Literature DB >> 12154405

CpG island hypermethylation and tumor suppressor genes: a booming present, a brighter future.

Manel Esteller1.   

Abstract

We have come a long way since the first reports of the existence of aberrant DNA methylation in human cancer. Hypermethylation of CpG islands located in the promoter regions of tumor suppressor genes is now firmly established as an important mechanism for gene inactivation. CpG island hypermethylation has been described in almost every tumor type. Many cellular pathways are inactivated by this type of epigenetic lesion: DNA repair (hMLH1, MGMT), cell cycle (p16(INK4a), p15(INK4b), p14(ARF)), apoptosis (DAPK), cell adherence (CDH1, CDH13), detoxification (GSTP1), etc em leader However, we still know little of the mechanisms of aberrant methylation and why certain genes are selected over others. Hypermethylation is not an isolated layer of epigenetic control, but is linked to the other pieces of the puzzle such as methyl-binding proteins, DNA methyltransferases and histone deacetylase, but our understanding of the degree of specificity of these epigenetic layers in the silencing of specific tumor suppressor genes remains incomplete.
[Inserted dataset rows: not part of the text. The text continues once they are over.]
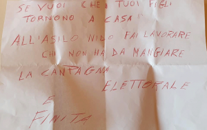 “SE VUOI CHE I TUOI FIGLI TORNONO A CASA, ALL’ASILO NIDO FAI LAVORARE CHI NON HA DA MANGIARE”. A seguire “LA CAMPAGNA ELETTORALE E FINITA”.
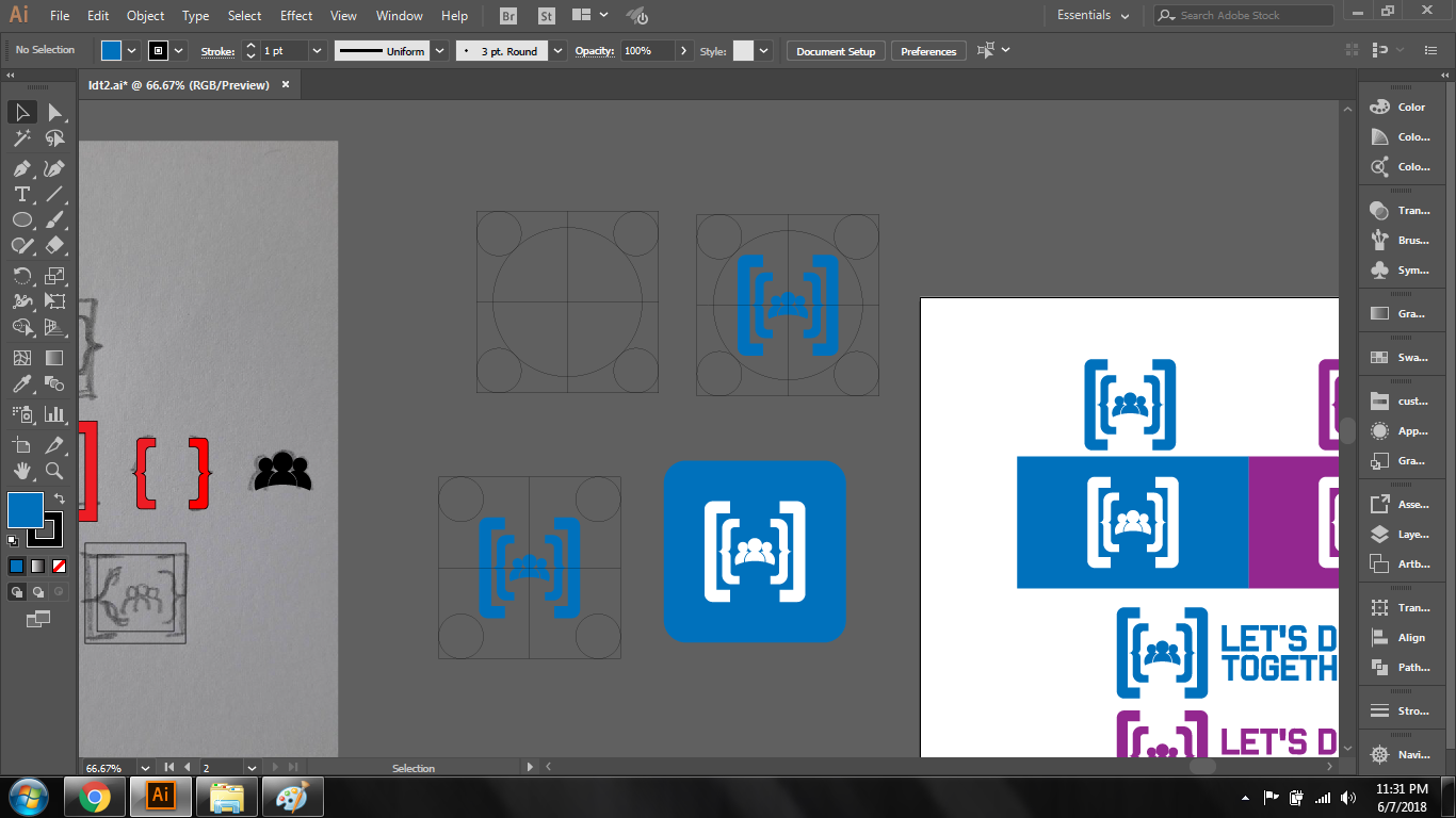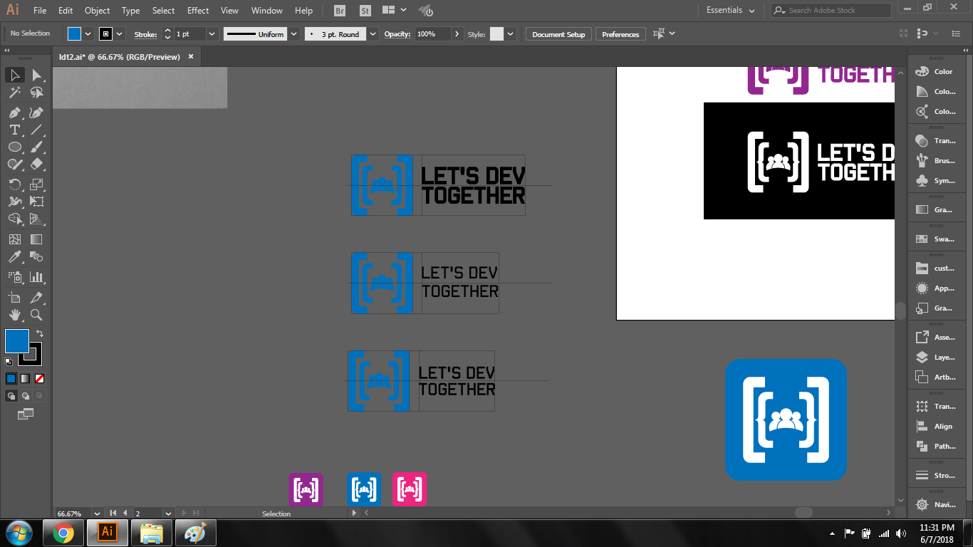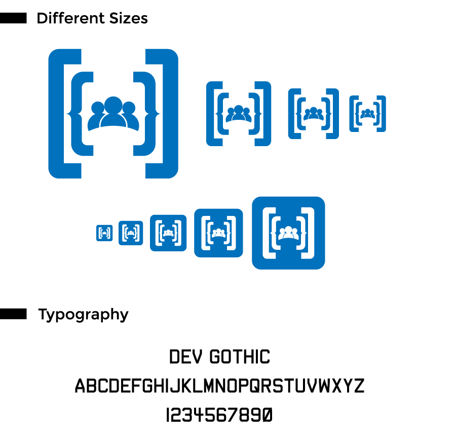 - The logo created is based on the components that needs in this task request, In my design I combined two of the most important symbols like the square and curly brackets with a group of people showing for their unity as a developers.
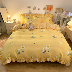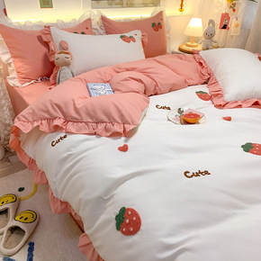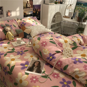 水洗棉床单四件套夏天北欧风ins少女心被套宿舍床上...
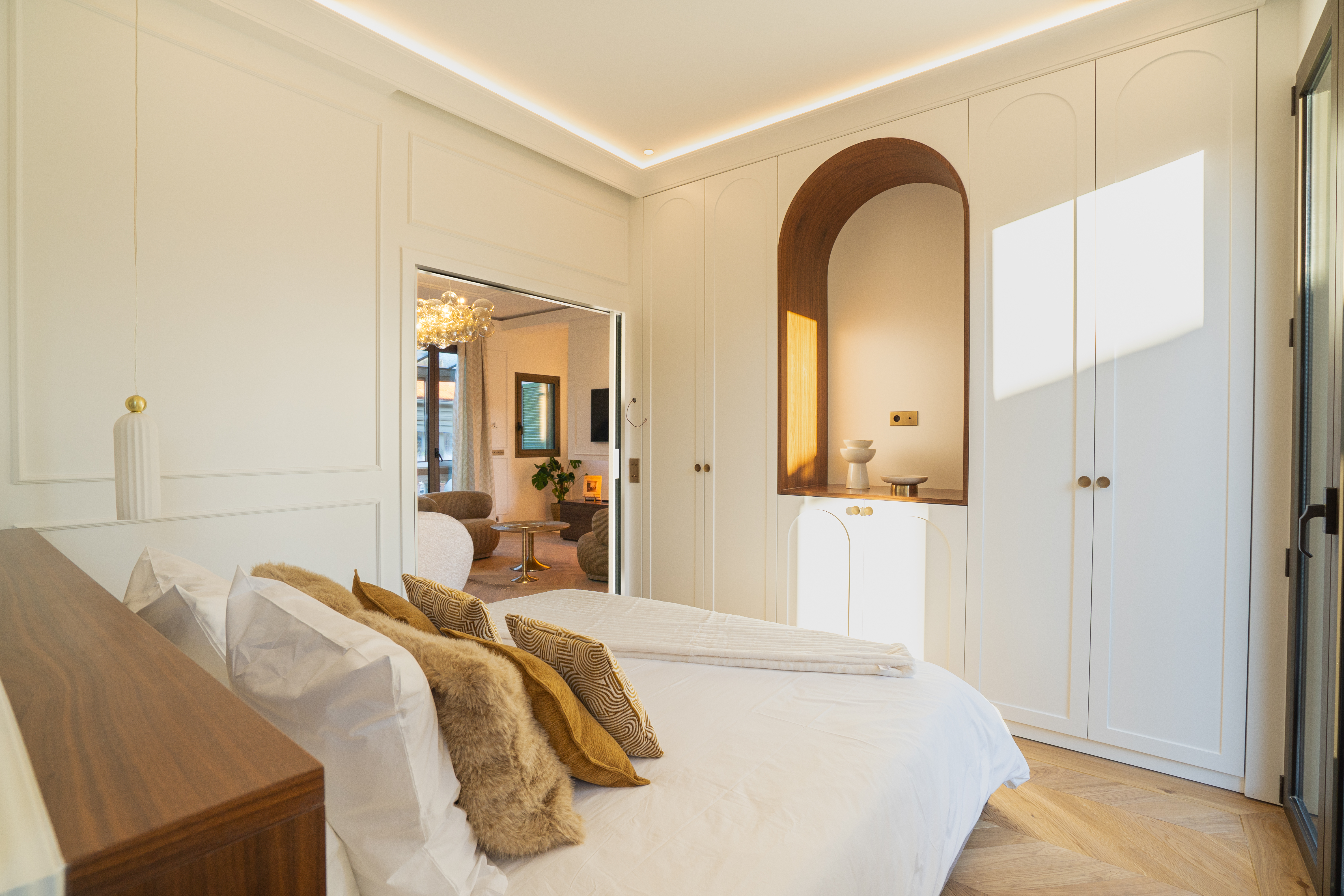 La partie nuit comprend deux chambres, chacune avec sa salle de bains ou salle de douches privative, et donnant accès à deux agréables terrasses, dont une véranda offrant un espace supplémentaire baigné de
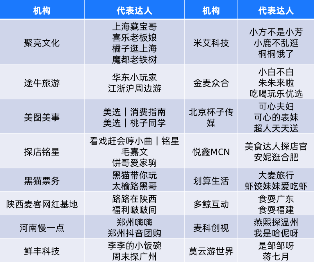 此前,抖音发布了今年第一季度的“机构月度排行榜”,16家机构成功登榜,旗下代表达人有38位。其中,聚亮文化连续3个月保持TOP1,旗下代表达人有“上海藏宝哥”、“喜乐老板娘”、“橘子逛上海”、“魔都老铁树”;途牛旅游、米艾科技、美图美事、金麦众合、北京杯子传媒、探店铭星连续上榜3个月,排名靠前。
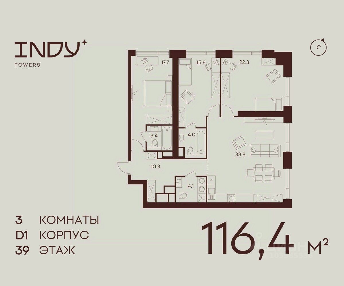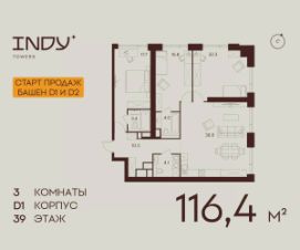 Продается просторная 3-комнатная квартира на 39 этаже жилого комплекса Indy Towers. Срок сдачи: 3 кв. 2029 г.
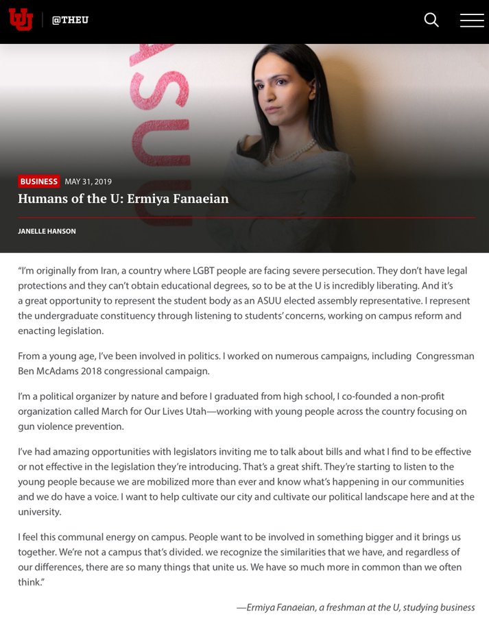 Ironischerweise scheint Fanaeian auch Mitbegründer der Utah-Sektion von March for Our Lives zu sein. @davidhogg111: Wenn Sie es mit der Waffenkontrolle ernst meinen, sollten Sie diese Person, die auch eine bewaffnete, waffenfreundliche Gruppe leitet, vielleicht rausschmeißen.
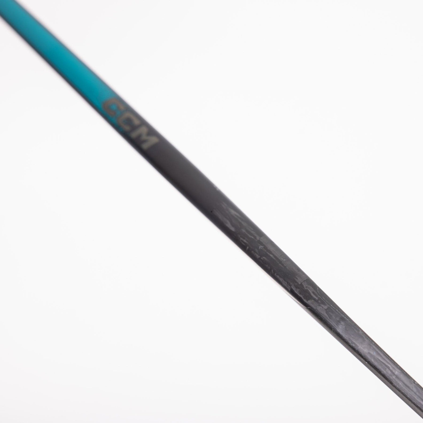 The Trigger 10 Pro teal stick features a redesigned to shaft, identical as seen on the CCM Vision Hockey Stick. It is designed to enhance hand and forearm strength with an asymmetric design and boosts comfort and minimizes wrist strain. CCM also included an ergo shaft shape, which is a rounded C-shaped middle section that is designed to improve comfort when lowering your bottom hand, while the E-shaped bottom section ensures an even faster release.
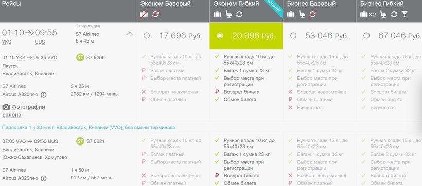 Прямые перелеты по этому маршруту не предлагает ни одна авиакомпания. Если согласны потратить на дорогу около семи часов, до конечного пункта можно добраться, купив билеты только туда за 17700 рублей (за неделю). Перевозчиком является а/к S7. Данный перелет доступен только два раза в неделю. Пересадка происходит во Владивостоке (аэропорт Кневичи). На нее дается 1,5 часа. У S7 есть два тарифа в экономкласс. Стартовый тариф называется «Эконом Базовый». По его условиям на борт можно взять только ручную кладь, ограниченную по весу 10 кг. Билет невозвратный. Более продвинутый тариф — «Эконом Гибкий» дороже предыдущего на 20%, но уже позволяет взять багаж (до 23 кг). Плюс можно вернуть билет со штрафом и бесплатно выбрать место в салоне лайнера. В бизнес-класс перевозчик предлагает два тарифа с разным набором опций. Цены стартуют с 53000 рублей (за неделю).
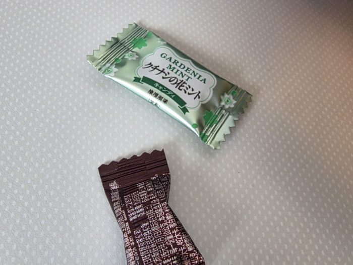 食後はウトウトしてしまっていましたが、着陸体制に入るとのアナウンスで目を覚ますと手もとにミントを置いてくれていました。
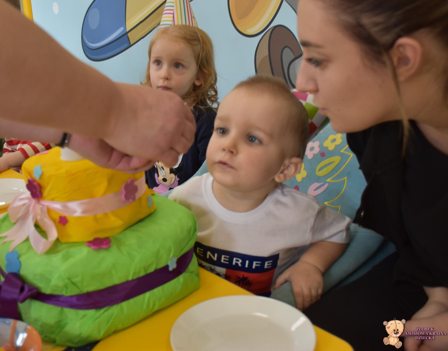 Dziś w naszym żłobku obchodziliśmy drugie urodziny Leosia. Z tej okazji odwiedziła nas mama Leosia.Wszyscy razem się przywitaliśmy ,zaśpiewaliśmy sto lat ,a nastepnię usiedliśmy do stołu .Jeszcze raz życzymy Ci Leosiu sto lat i dużo prezentów.
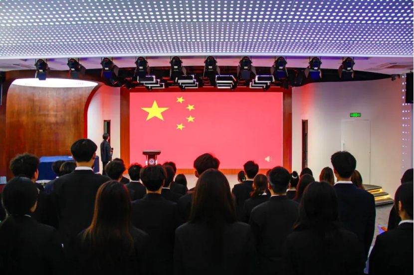 东岭书院团总支副书记林嘉炜带领全体新团员面向团旗庄严宣誓,铿锵有力的誓言响彻全场。
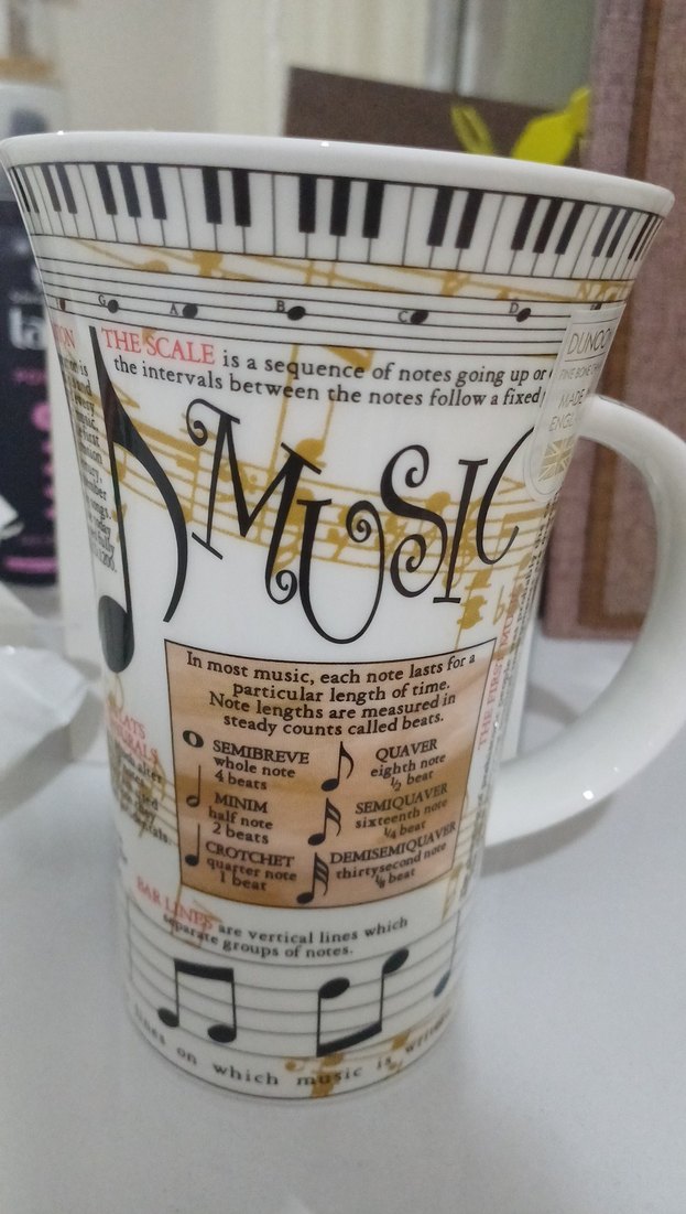Renkli müzik notaları ve piyano tuşları desenli beyaz kupa, üzerinde SEMIBREVE ve QUAVER gibi müzik terimleri yer alıyor .

The explosion of user-friendly technologies has given rise to a rapidly increasing list of hypermethylated genes. Careful functional and genetic studies are necessary to determine which hypermethylation events are truly relevant for human tumorigenesis. The development of CpG island hypermethylation profiles for every form of human tumors has yielded valuable pilot clinical data in monitoring and treating cancer patients based in our knowledge of DNA methylation. Basic and translational will both be needed in the near future to fully understand the mechanisms, roles and uses of CpG island hypermethylation in human cancer. The expectations are high.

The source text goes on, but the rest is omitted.